2. If the relationship between K, ZK '(s) and Zblock determined by L, R is shown in. At this point, we also put the problems in the S [L... R] range into the s [1... Rl + 1] range for analysis. At this time, ZK '(s) determines that the right end of the Zblock must exceed Rl + 1, that is, for ZK (s ), we already know the former rk + 1 element and S [1... rk + 1] is the same, however, whether the elements after s [R] can be connected with the preceding rk + 1 element to form a longer include prefix can only be known after comparison. Because we already have s [k... r] = s [K '... rl + 1] = s [1... rk + 1] (Note the several regions marked with beta in the figure), so we can skip the comparison of these two intervals, start directly from S [rk + 2] and compare with s [rk + 2] until the matching fails. Then we get the new right endpoint RI + 1, at the same time, update Li + 1 to I + 1.
3.
If R is <= K. The previously calculated Zblock does not help us. We can find the smallest k starting from r so that s [R... K]! = S [1... rk + 1]. At this time we also need to update the corresponding Li + 1 = I + 1, RI + 1 = K1.
After processing the preceding three cases, we can recursively fill in all the Zi (s) values of S [1... n] in the linear time. Assume that the mode string S = "aabaabcaxaabaabcy", the corresponding Zi (s) value is as follows.

1 
2 
3 
4 
5 
6 
7 
8 
9 
10 
11 
12 
13 
14 
15 
16 
17 
S 
A 
A 
B 
A 
A 
B 
C 
A 
X 
A 
A 
B 
A 
A 
B 
C 
Y 
Zi (s) 
0 
1 
0 
3 
1 
0 
0 
1 
0 
6 
1 
0 
3 
1 
0 
0 
0 
When z12 (s) is to be calculated, all Z1 (s) to z11 (s) have been calculated. At this time, L = 10, r = 15, that is, s [10... 15] The resulting Zblock is the rightmost current Zblock and contains s [12]. Now we need to calculate z12 (s), because s [10... 15] = s [1... 6], so z12 (s) is closely related to Z3 (s). We found that Z3 (S) = 3 + Z3 (S) = 3 <6, this is in line with the first case, so z12 (S) = Z3 (S) = 0.
For Z10 (s), when Z10 (s) is calculated, it is known that the rightmost Zblock is s [8], L = 8, r = 8, because 10> 8, so in line with the third case above, we will look for the containing prefix of S from S [10] And find s [10... 15] is a prefix of 6 s, so Z10 (S) = 6, update L = 10, r = 15 at the same time.
In the Zi (s) value calculation, the scenario in the second case is rare, but the second case is also the most vulnerable part in the Zi (s) calculation.

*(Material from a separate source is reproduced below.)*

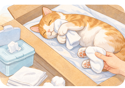 汚れが気になる場合は、濡らしたタオルやウェットティッシュで優しく拭いてあげましょう。鼻や肛門から体液が出る場合には、清潔なガーゼや脱脂綿を使って整えます。これだけでもご家族の気持ちが落ち着きやすくなります。
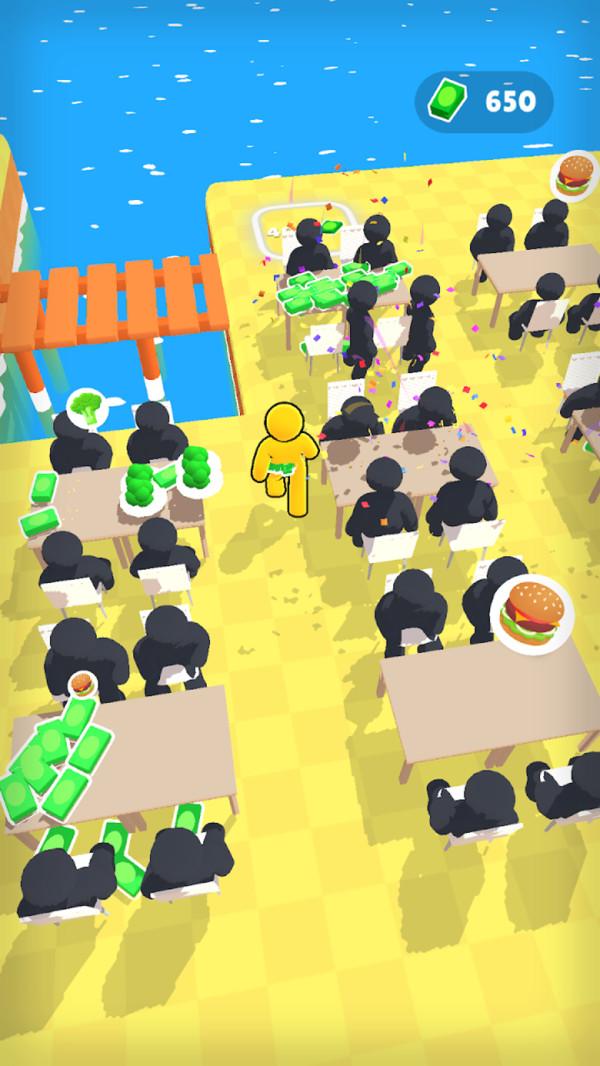 1.当后厨房的食物准备好了,你需要拿起后厨房的食物,送到顾客的桌子上。

The following is a selfwritten algorithm used to calculate the Z array.
void ZBlock(const char* pattern, unsigned int length, unsigned int zvalues[]){unsigned int i, j, k;unsigned int l, r;l = r = 0;zvalues[0] = 0;for(i = 1; i < length; ++i){if(i >= r){j = 0;k = i;zvalues[i] = 0;while(k < length && pattern[j] == pattern[k]){++j;++k;}if(k != i){l = i;r = k  1;zvalues[i] = k  i;}}else{if(zvalues[i  l] >= r  i + 1){j = r  i + 1;k = r + 1;while(k < length && pattern[j] == pattern[k]){++j;++k;}l = i;r = k  1;zvalues[i] = k  i;}else{zvalues[i] = zvalues[i  l];}}}}
Because the normal string starts from index 0, this is adjusted in the algorithm.
In theory, the Zblock algorithm completely solves the problem of prefix selfcontained computation, the Zblock algorithm is superior to the KMP algorithm in describing the next table construction process. With the Zvalue array of the mode string, the next hop table of the corresponding KMP algorithm will become efficient and intuitive in the calculation of the good suffix table of the BM algorithm.